_PROBLEM STATEMENT_:
In the listing below, a line holding "Take two pieces" and a line holding "Lichen-covered soil surrounded" mark the range. Retype both exactly, with all lines between them.

_SUPPLIED DATA_:
· · · · ·

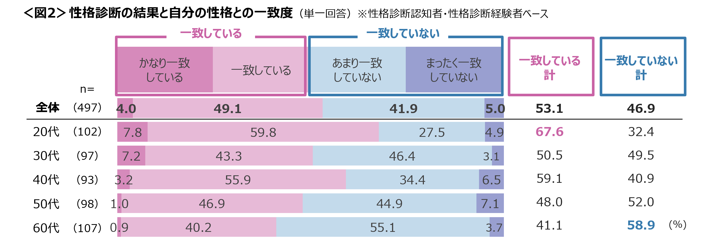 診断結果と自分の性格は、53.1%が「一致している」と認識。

· · · · ·

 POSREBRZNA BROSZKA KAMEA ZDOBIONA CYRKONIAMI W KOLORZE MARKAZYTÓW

· · · · ·

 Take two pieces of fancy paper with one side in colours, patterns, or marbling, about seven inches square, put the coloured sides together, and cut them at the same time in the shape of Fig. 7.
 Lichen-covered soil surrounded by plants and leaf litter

· · · · ·

_YOUR RESPONSE_:
 Take two pieces of fancy paper with one side in colours, patterns, or marbling, about seven inches square, put the coloured sides together, and cut them at the same time in the shape of Fig. 7.
 Lichen-covered soil surrounded by plants and leaf litter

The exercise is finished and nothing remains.